This latter point is particularly important, as the macro-level emergent outcomes of a system’s microdynamic cannot be straightforwardly predicted, even with perfect knowledge of a system’s initial state and the rules driving its microdynamic. Bedau illustrates this using the Game of Life, a famous computational system in which cells on a grid change state according to the states of their neighbours. Cells in Life have only two states—alive or dead—and their future states are determined by very simple rules according to how many of their neighbouring cells are alive or dead.Footnote 1 Despite this simplicity, even very simple starting configurations in Life can produce remarkably complex behaviour (see e.g. Fig. 1), and Life can even play host to patterns capable of replicating any possible computation (a property known as computational universality) [20, 21]. As Bedau notes, this has profound implications:

With few exceptions, it is impossible without simulation to derive the macrobehaviour of any state in a Life configuration even given complete knowledge of that configuration. In fact, since a universal Turing machine can be embedded in Life, the undecidability of the halting problem proves that in principle there can be no algorithm for determining whether the behaviour exhibited in an arbitrary Life world will ever stabilize. Yet all Life phenomena can be derived from the initial conditions and the birth-death rule. [19, p. 14]

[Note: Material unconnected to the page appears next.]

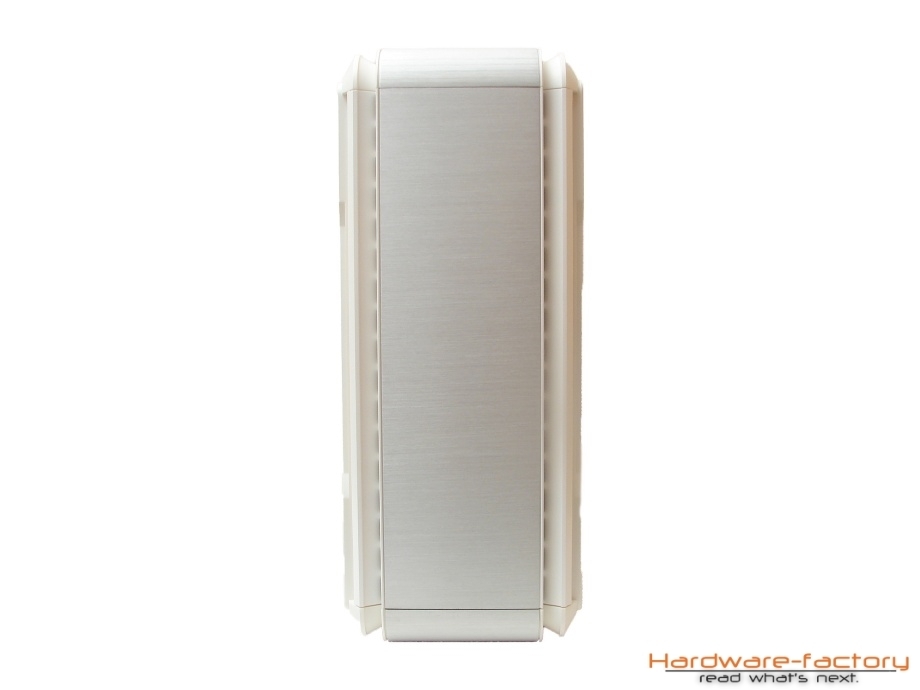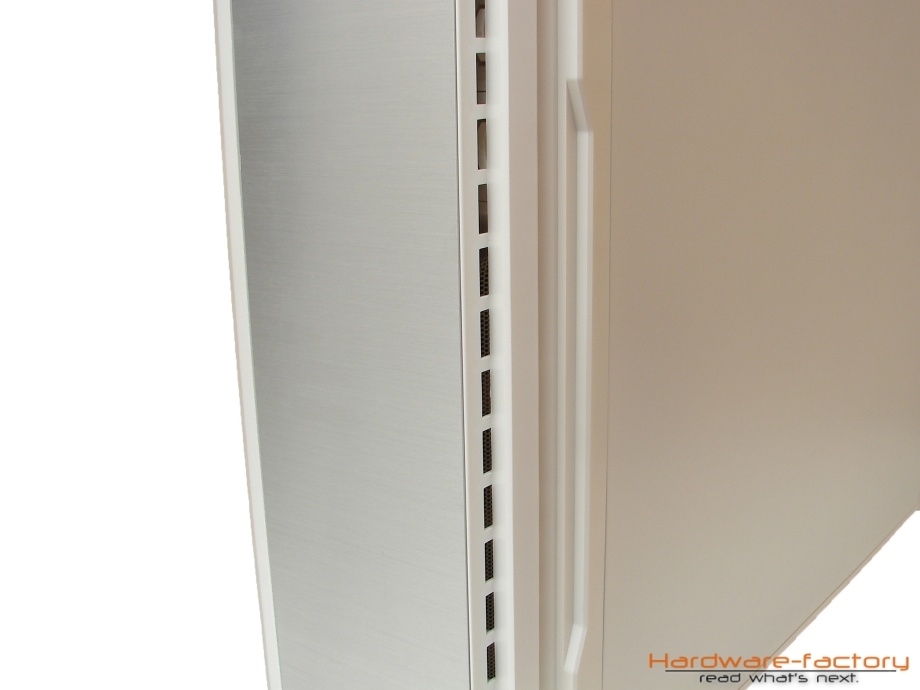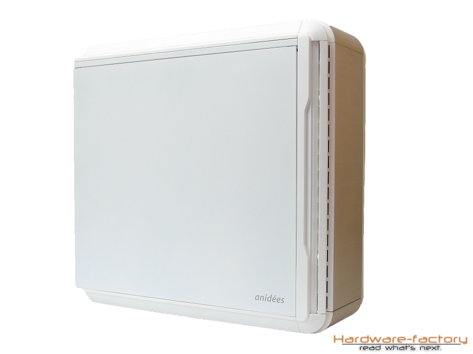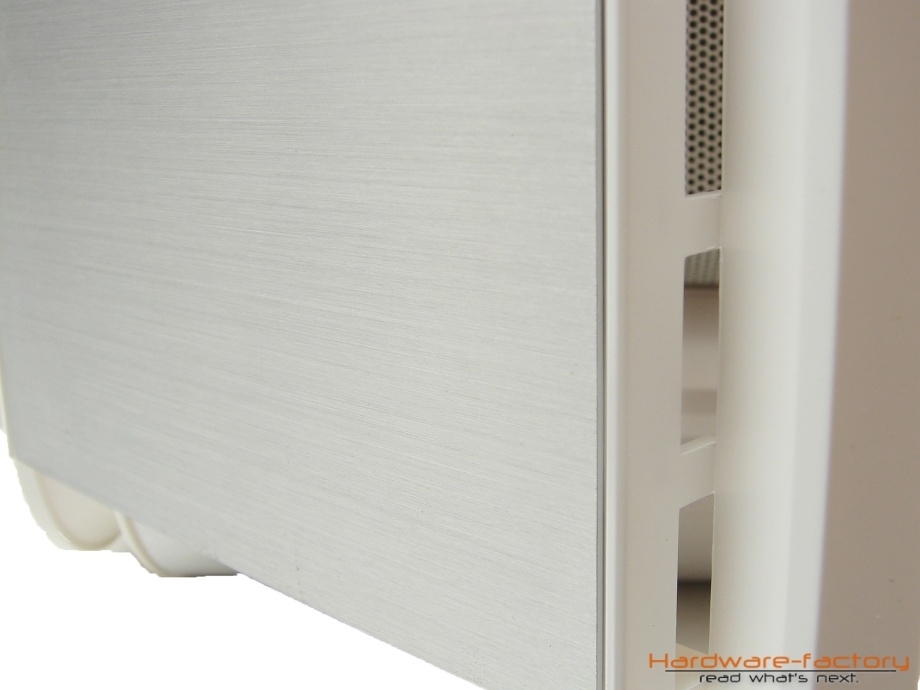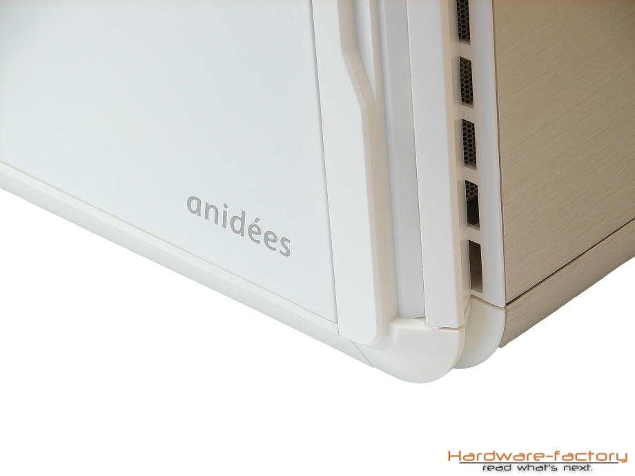 Erst auf den zweiten Blick ersichtlich und weit mehr aus nur eine designtechnische Spielerei sind die seitlich angebrachten Öffnungen, die sowohl in der Front als auch im Deckel-Bereich eingearbeitet wurden. Diese Öffnungen ermöglichen den montierten Gehäuselüftern bei dem sonst komplett geschlossenen Gehäuse eine Luftzuführ, über die wahlweise kalte Luft in das Gehäuse hinein oder erwärmte Luft aus dem Gehäuse hinaus transportiert werden kann. Das von anidées beabsichtigte Erscheinungsbild eines geschlossenen Systems bleibt dadurch elegant erhalten, ohne jedoch eine schlechte Kühlleistung des Gehäuses zu riskieren. Durch abgerundete Aluminiumelemente im oberen und unteren Bereich der Frontpartie wird nicht nur die Fronttür optisch unauffälliger, auch das Design des AI-6 wirkt formschöner und erwachsen.
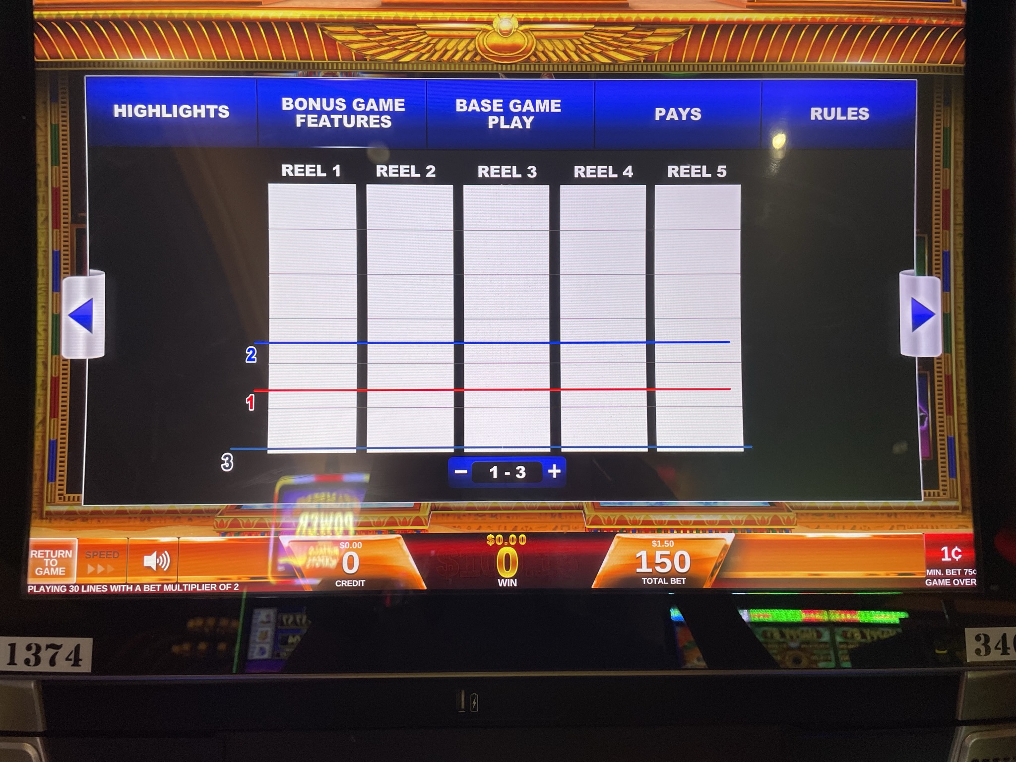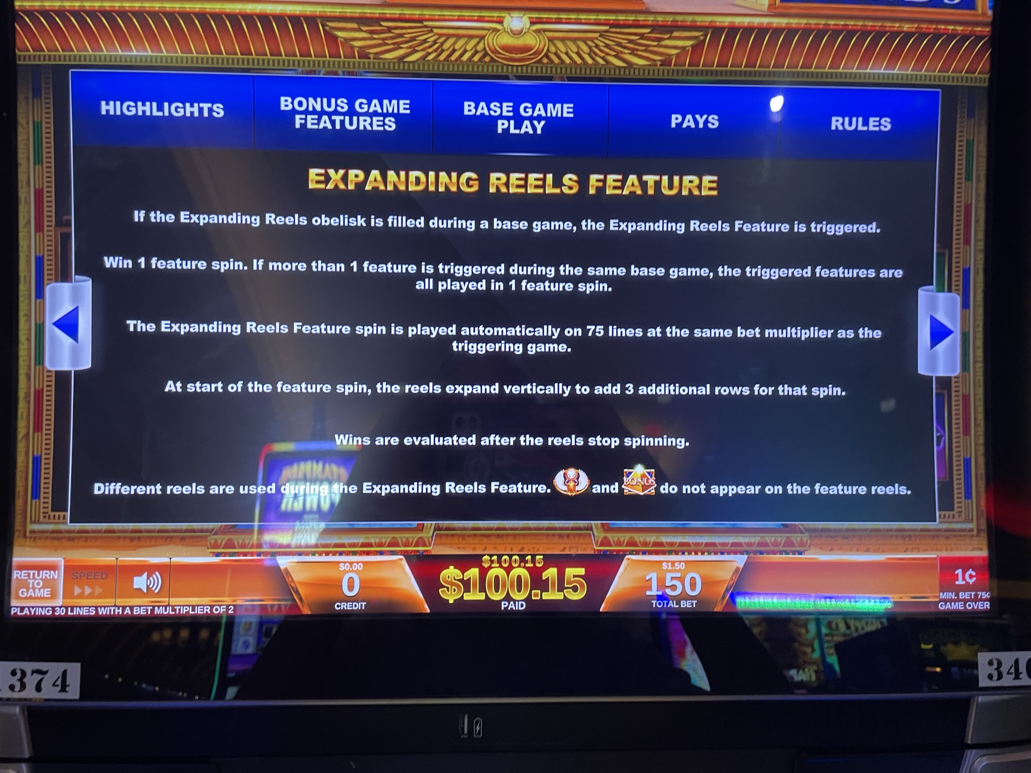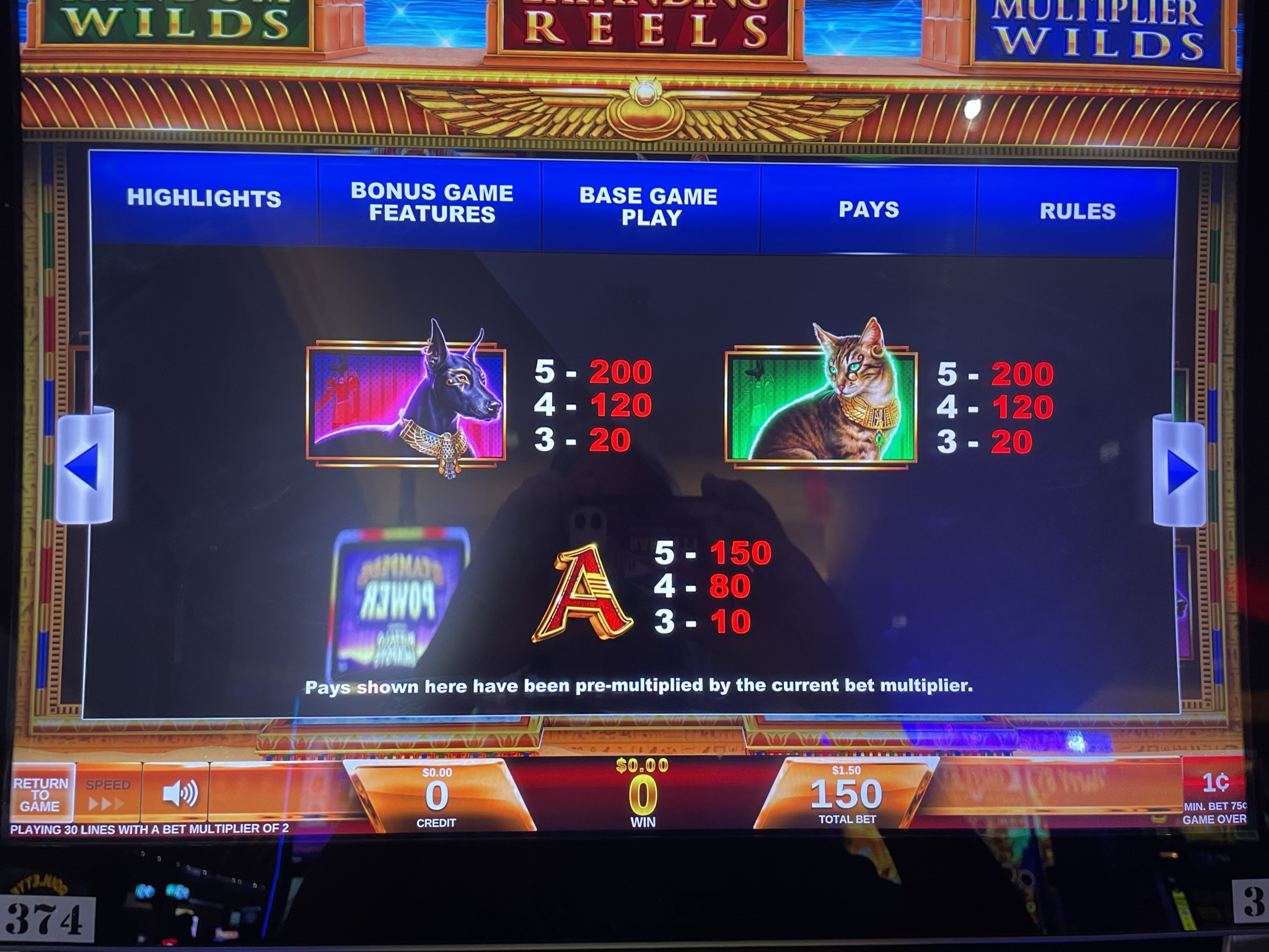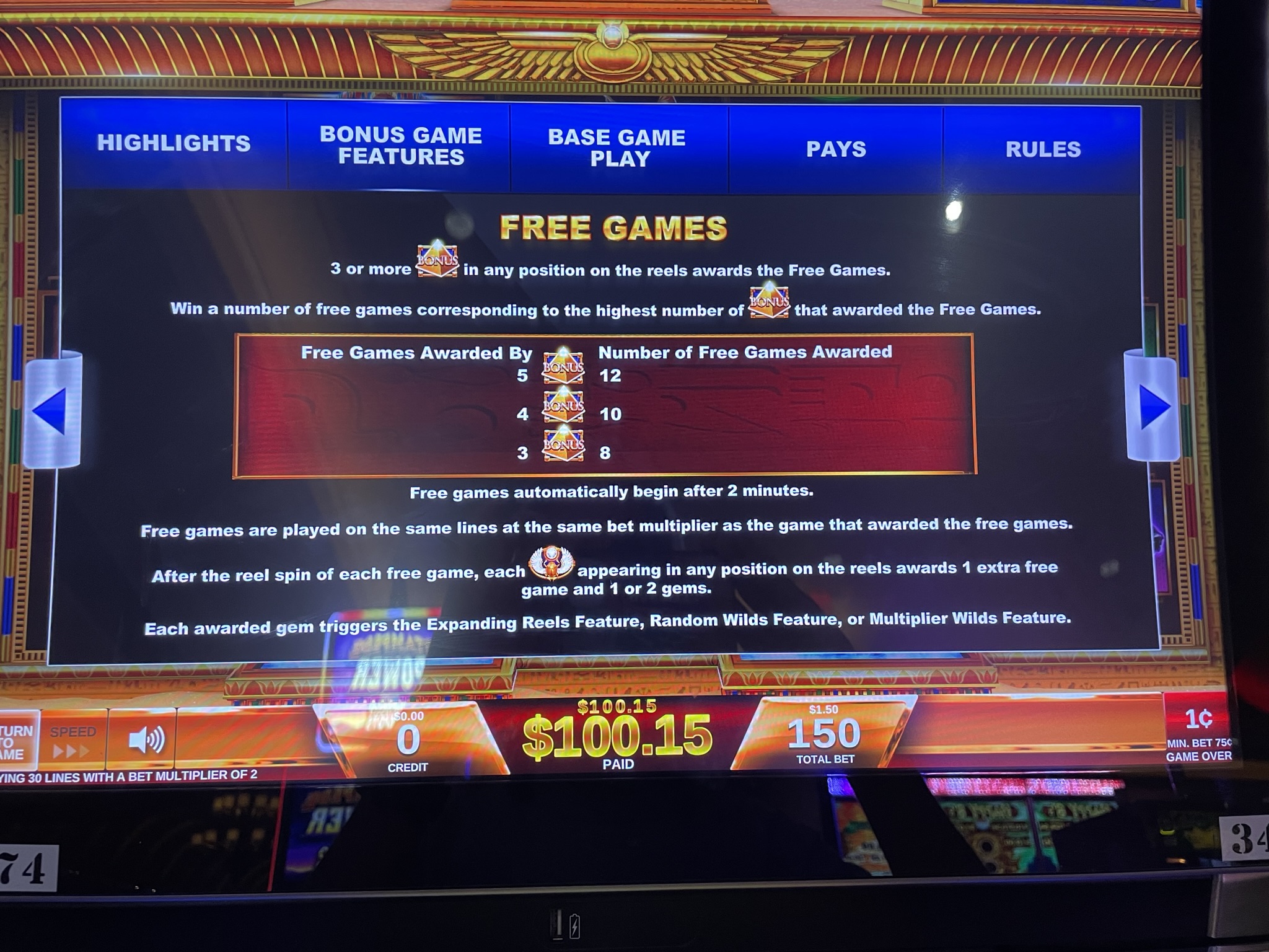 - 每次下注需要 75、150、225、375 或 600 个积分。我见过的所有游戏,每个积分价值 0.01 美元。因此,下注金额可以是 0.75 美元、1.50 美元、2.25 美元、3.75 美元或 6.00 美元。所有下注级别的游戏玩法相同。奖金与下注金额成正比。例如,如果玩家下注 6.00 美元,那么同样的奖金将是下注 0.75 美元玩家的 8 倍。

Thus, the only way we can replicate the weakly-emergent macrostates of the Game of Life is to simulate its behaviour step-by-step. By extension, given that most complex systems will have significantly more complicated microdynamics than the Game of Life, replicating the macrostates of weakly-emergent systems requires the use of simulation to replicate their microdynamics.

Fig. 1
figure 1

An example of the unexpected complexity of simple patterns in the Game of Life. This 7-cell pattern is called an ‘acorn’ and stabilises after 5206 steps with a population of 633 live cells

A well-known example of an agent-based model replicating a weakly-emergent phenomenon from the interaction of micro-level entities is given by Schelling’s residential segregation model [22, 23]. In this model, very simple agents are living in a virtual grid-based world, and at each discrete step of the simulation are able to choose to move their location. Their decision to move is based on a preference for the group composition of their neighbourhood; if the number of their neighbours belonging to a different group than themselves is above a certain threshold, the agent will move to a new random square on the grid. Here the agents’ segregation is the emergent property of the system, while the preference for in-group neighbours is the parameter driving the agents’ behaviour. Schelling showed that even a relatively low threshold generates a high degree of residential segregation, a result that is not predictable solely by knowing the agents’ behavioural rules (see Fig. 2). Thus we can describe Schelling’s model as weakly emergent, given that its macrostate is derivable only by simulating the system step-by-step, despite its known and very simple behavioural rules.

Fig. 2
figure 2

Sample run of the Schelling segregation model

Similarly, the phenomena of interest in public health research—from the development of health inequalities to the spread of obesity in certain communities—are consequences of complex interactions between individuals and their physical and social environments. Successful interventions may seek to influence the phenomena by altering individual, low-level behaviours through a number of different routes, in the hope that the population-level picture which emerges from those actions changes for the better—much like the simulation scientist tweaking the preferences of Schelling’s agents in the hope of reducing segregation. Following Axelrod and Tesfatsion, we might align ourselves to using ABMs for normative understanding, or ‘evaluating whether designs proposed for social policies, institutions, or processes will result in socially desirable system performance over time’ [24].

If we accept that population-level health patterns are weakly-emergent phenomena deriving from the interactions between individual, society and environment, then it follows that answering some questions about those properties will require simulating those interactions explicitly via simulation. Agent-based modelling, as a methodology tailored to the investigation of emergent properties, is well-placed to provide insight into these phenomena by explicitly modelling both individual behaviours in response to an intervention and interactions between individuals and with their environment.

Non-linearity

In the context of complex systems science, there are two extant definitions of ‘non-linearity’. The first, which we will refer to as causal non-linearity, encompasses the manner in which complex systems tend to be characterised by cyclic, relational and mutual causal relationships between the variables describing the system’s state. This characteristic of complex systems means that popular causal inference methods like directed acyclic graphs (DAGs) cannot be used to characterise complex systems, as DAGs cannot include feedback loops.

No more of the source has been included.